Сульдэ - очень сильный бог. Мы, монголы, вместе с ним три
четвертых мира завоевали.
- Если бог убивать и насильничать помогает, разве это бог?
- произнес Глеб.
- А кто же? - не понял Баядер.
- Мы его сатаной называем.
- Как хочешь, можешь называть. Если помогает, надо ему
молиться.
- Бог не может быть злой, - покачал головою Глеб. - Люди
могут быть злые, а Бог - нет.
- Глупый ты харакун. Как ты можешь об этом рассуждать,
если настоящих богов не знаешь? Бог бывает злой, бывает добрый,
бывает сильный, бывает слабый. А молиться надо тому, от
которого больше пользы. Вы, урусуты, нам дань платите, и
урусутский Спас вас защитить не может. А почему мы, монголы, во
всем мире сильнее всех. Потому что мы мудрее. Мы настоящих
богов знаем, и разговаривать с ними умеем. Мы же их не просто
так, не с пустыми руками, просим, мы им жертвы приносим. И за
это они нам помогают. Я про то с вашими монахами разговаривал.
Я им говорю: вы почему вашему Спасу жертвы не делаете? Вы,
когда к князю с челобитной идете, разве только на коленях перед
ним ползаете?
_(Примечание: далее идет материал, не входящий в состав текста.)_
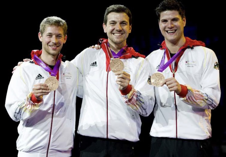 Fotohinweis: Die Krönung großer Karrieren: v. l. n. r: Bastian Steger, Timo Boll und Dima Ovtcharov mit Olympia-Bronze 2012. Foto vom SSV-Rhade zur Verfügung gestellt.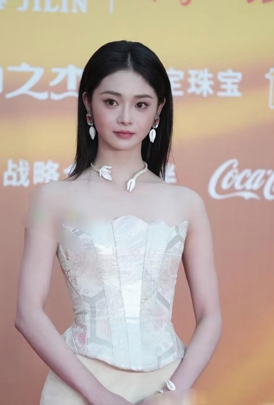 身着优雅米色抹胸长裙的周洁琼立于红毯之上,尽显端庄美丽。

Вы ему подарки приносите, и за это он вам
помогает. Они говорят, нашему Спасу это не нужно. Я не знаю -
может быть, в самом деле не нужно. Он, конечно, добрый Бог -
это правда. Мне монахи по книге слова его читали. Там написано
- люби своих врагов и не убивай никого. Такой бог разве
защитить может? Как это своих врагов любить? Это все равно, что
по потолку ходить. Пустые слова. Разве вы, урусуты, нас,
монголов, любите? По любви нам дань платите? Просто вы знаете,
что мы сильнее. А, если бы могли, всех до одного нас убили бы.
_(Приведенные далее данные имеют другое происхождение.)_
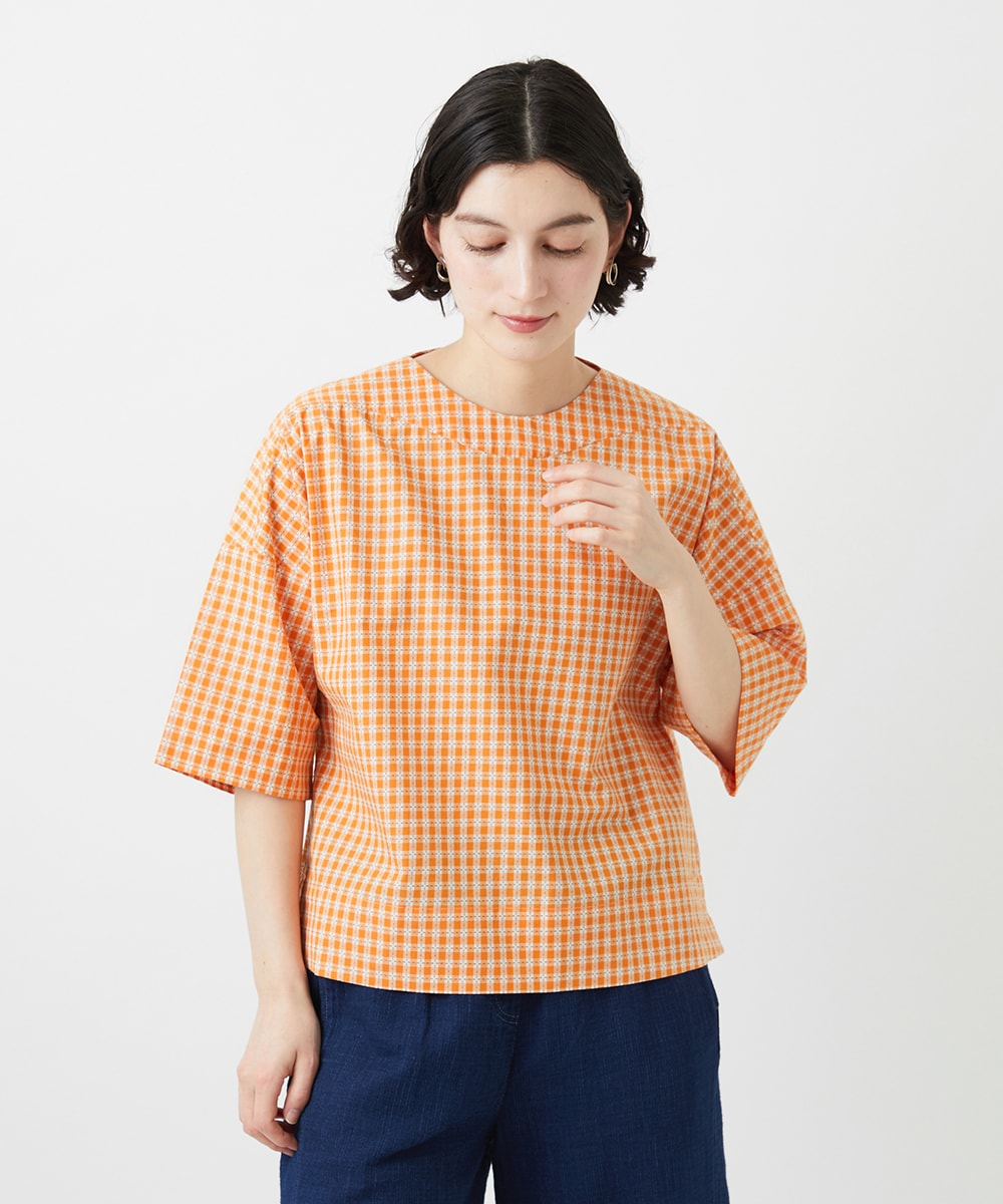 被りタイプのブラウスで、長めのお袖は

И Спаса бы не послушались. Разве не так, харакун?
Глеб не ответил.
- Что молчишь? - усмехнулся Баядер. - Любишь ты меня? Или
козу свою больше любил? Если б мог сейчас нас убить, разве не
убил бы?
Глеб покачал головой.
- Нет, не убил бы.
- Ну, это ты врешь, - махнул рукой Баядер. - Это проверить
нельзя, поэтому врешь. Ради козы своей всех убил бы.
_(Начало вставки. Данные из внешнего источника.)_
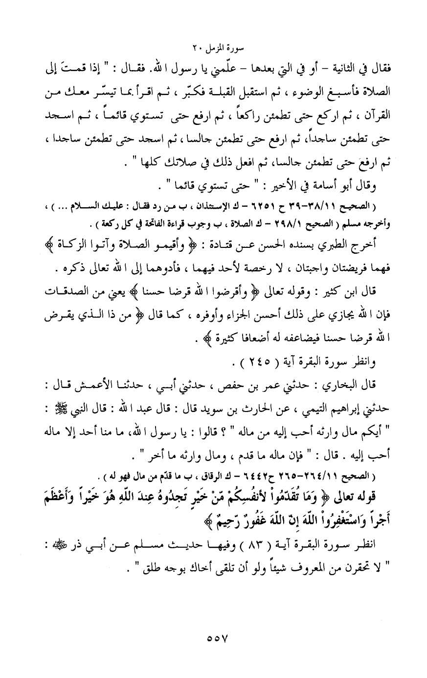 قوله تعالى (وَمَا تُقَدِّمُوا لِأَنْفُسِكُمْ مِنْ خَيْرٍ تَجِدُوهُ عِنْدَ اللَّهِ هُوَ خَيْراً وَأَعْظَمَ أَجْراً وَاسْتَغْفِرُوا اللَّهَ إِنَّ اللَّهَ غَفُورٌ رَحِيمٌ)

- Коза - животина бессловесная, - сказал Кирилл. - А вы
люди - дети Господни, как и мы. И Господь вас, как и нас,
любит. Перед Богом все равны, и, значит, никого убивать нельзя.
- И ты, старик, глупость говоришь. Если все перед богом
вашим равны, почему тогда одни князьями рождаются, а другие
нищими, одни здоровыми, а другие с горбом. У латинян в закатных
землях тот же бог, что у вас, а вы и с ними и между собой
дрались, покуда мы вас не завоевали. Пустые слова. Спас ваш
много всего пустого говорит. В ясе Чингис-Ханом записано, что
монголам во всей Земле нет равных - так устроил этот мир
Хоходой-Моргон - и это правда. Иначе почему мы здесь?